GIVEN DATA section start

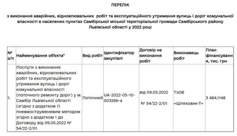 - затвердити Перелік з виконання аварійних, відновлювальних робіт та експлуатаційного утримання вулиць і доріг комунальної власності в населених пунктах Самбірської міської територіальної громади Самбірського району Львівської області у 2022 році" – йдеться у розпорядженні.
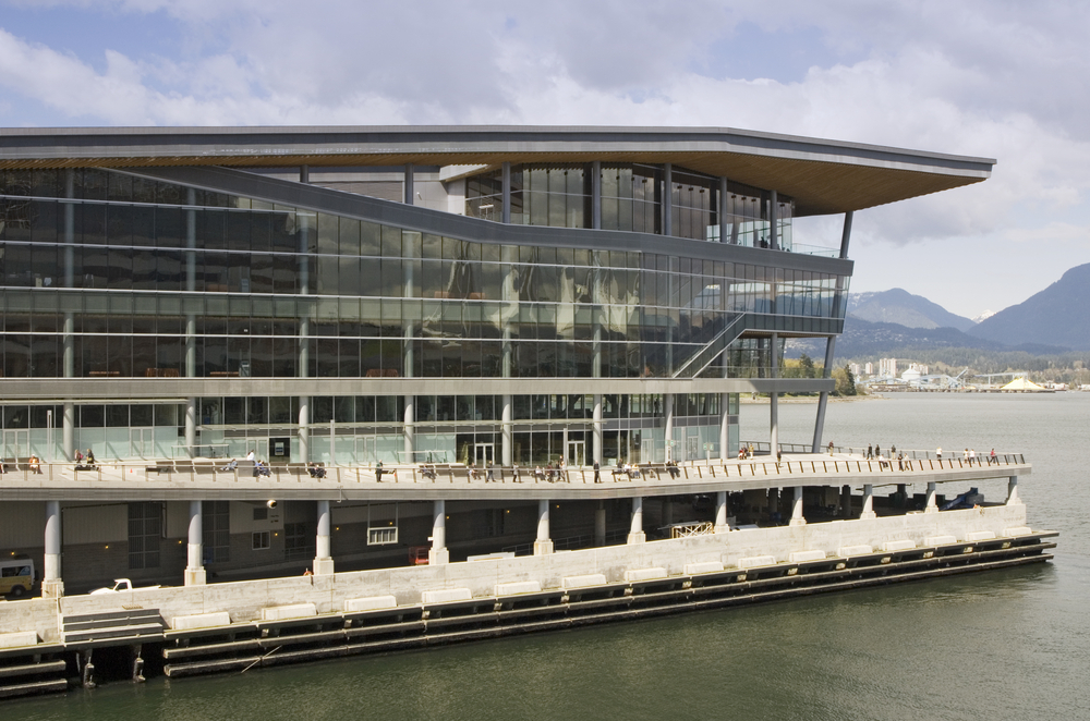 The center boasts the largest living roof in Canada and contains a whopping 400,000 indigenous plants and grasses. The garden works as an insulator during the cold winter months and reduces heat attraction in the summer. The base of the roof is lined with Douglas fir slats. The roof is home to four beehives with the bees helping the pollination process and providing honey. It is also the biggest non-industrial living roof in the whole of North America.
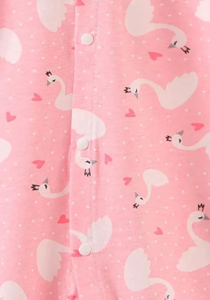 Offrez à bébé la grâce d’un ballet nocturne avec ces cygnes tout en élégance grâce à notre resplendissant pyjama bébé pour l’été imprimé cygne ! Sur un fond rose tendre, de jolis animaux blancs se dessinent. Confectionnée dans une maille respirante, cette tenue enveloppe votre enfant d’une douceur incomparable. Les boutons-pression bien pensés simplifient la routine du coucher.

GIVEN DATA section end

** ACTIVITY **
The task requires that every line above be transcribed exactly, without the images.

** RESPONSE TO THIS EXERCISE **
 - затвердити Перелік з виконання аварійних, відновлювальних робіт та експлуатаційного утримання вулиць і доріг комунальної власності в населених пунктах Самбірської міської територіальної громади Самбірського району Львівської області у 2022 році" – йдеться у розпорядженні.
 The center boasts the largest living roof in Canada and contains a whopping 400,000 indigenous plants and grasses. The garden works as an insulator during the cold winter months and reduces heat attraction in the summer. The base of the roof is lined with Douglas fir slats. The roof is home to four beehives with the bees helping the pollination process and providing honey. It is also the biggest non-industrial living roof in the whole of North America.
 Offrez à bébé la grâce d’un ballet nocturne avec ces cygnes tout en élégance grâce à notre resplendissant pyjama bébé pour l’été imprimé cygne ! Sur un fond rose tendre, de jolis animaux blancs se dessinent. Confectionnée dans une maille respirante, cette tenue enveloppe votre enfant d’une douceur incomparable. Les boutons-pression bien pensés simplifient la routine du coucher.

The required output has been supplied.